GOAL OF THE EXERCISE
Exactly as they appear, retype the lines from the one containing "自競賽開始以來,學校廣泛宣傳" through the final line of the data below. Leave pictures out.

GIVEN MATERIAL

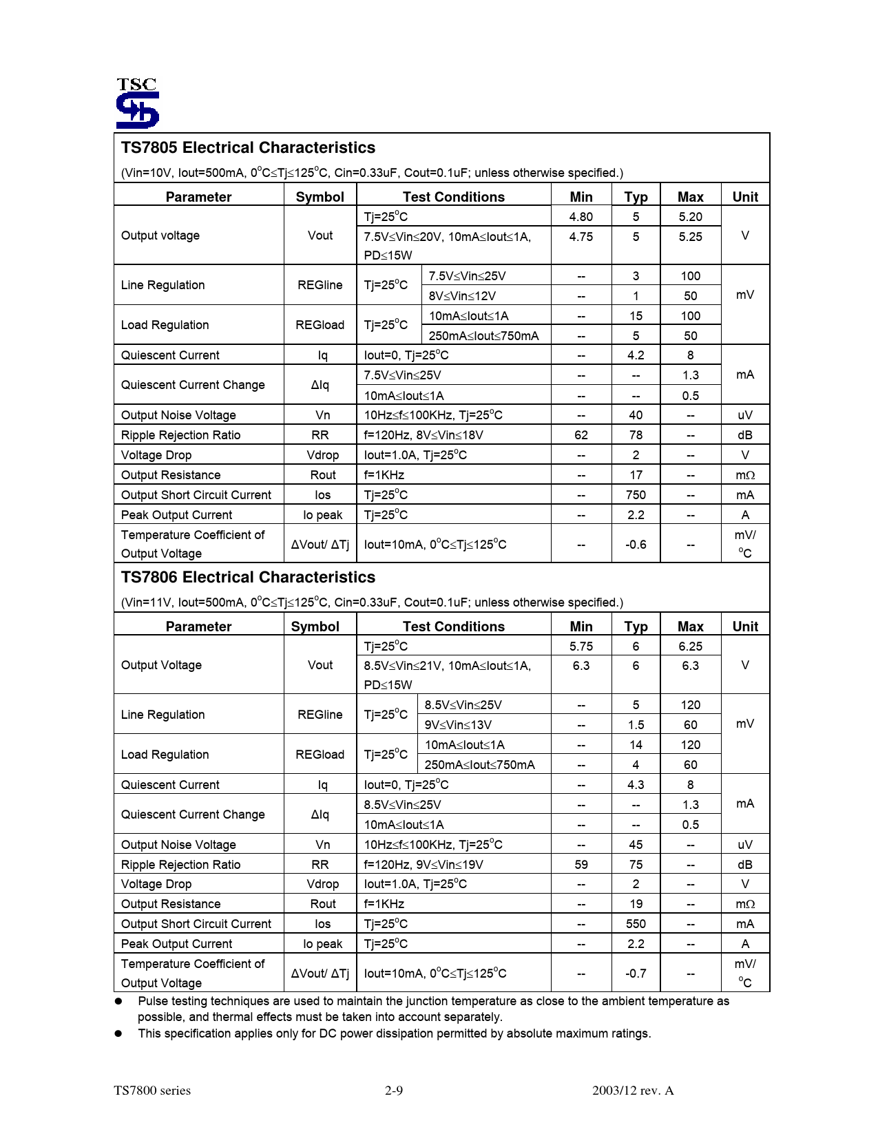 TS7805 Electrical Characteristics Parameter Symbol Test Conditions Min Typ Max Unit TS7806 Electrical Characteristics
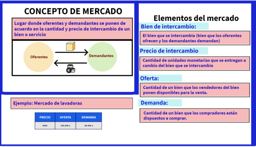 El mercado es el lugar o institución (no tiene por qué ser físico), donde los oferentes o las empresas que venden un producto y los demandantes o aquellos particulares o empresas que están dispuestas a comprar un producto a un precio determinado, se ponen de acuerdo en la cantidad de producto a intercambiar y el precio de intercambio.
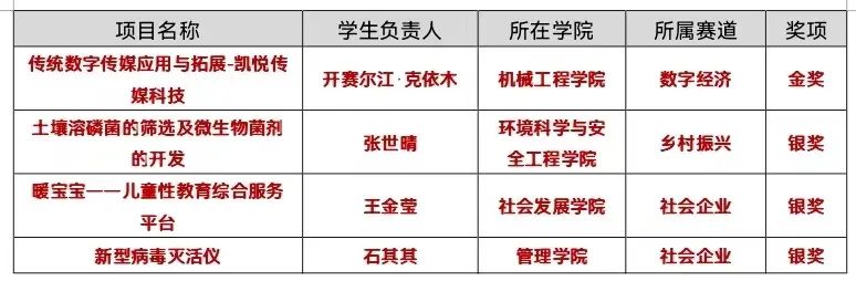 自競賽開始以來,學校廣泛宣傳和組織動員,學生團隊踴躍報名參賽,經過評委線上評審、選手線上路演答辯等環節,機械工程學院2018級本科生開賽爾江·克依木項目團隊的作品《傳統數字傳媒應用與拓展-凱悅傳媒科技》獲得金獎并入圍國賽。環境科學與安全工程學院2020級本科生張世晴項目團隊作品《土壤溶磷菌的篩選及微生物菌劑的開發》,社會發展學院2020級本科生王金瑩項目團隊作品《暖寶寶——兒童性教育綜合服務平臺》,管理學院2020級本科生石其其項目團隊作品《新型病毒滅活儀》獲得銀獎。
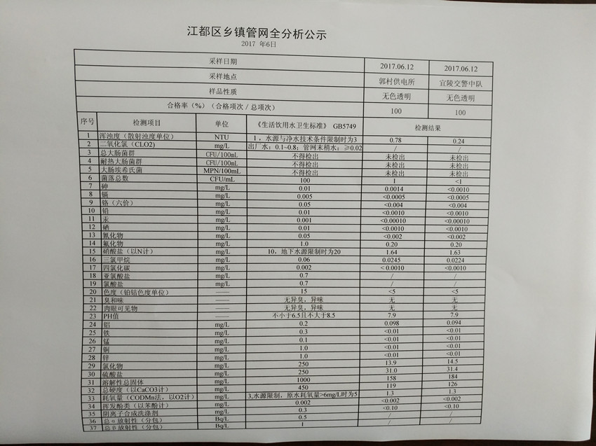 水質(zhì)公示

EXERCISE RESULT
 自競賽開始以來,學校廣泛宣傳和組織動員,學生團隊踴躍報名參賽,經過評委線上評審、選手線上路演答辯等環節,機械工程學院2018級本科生開賽爾江·克依木項目團隊的作品《傳統數字傳媒應用與拓展-凱悅傳媒科技》獲得金獎并入圍國賽。環境科學與安全工程學院2020級本科生張世晴項目團隊作品《土壤溶磷菌的篩選及微生物菌劑的開發》,社會發展學院2020級本科生王金瑩項目團隊作品《暖寶寶——兒童性教育綜合服務平臺》,管理學院2020級本科生石其其項目團隊作品《新型病毒滅活儀》獲得銀獎。
 水質(zhì)公示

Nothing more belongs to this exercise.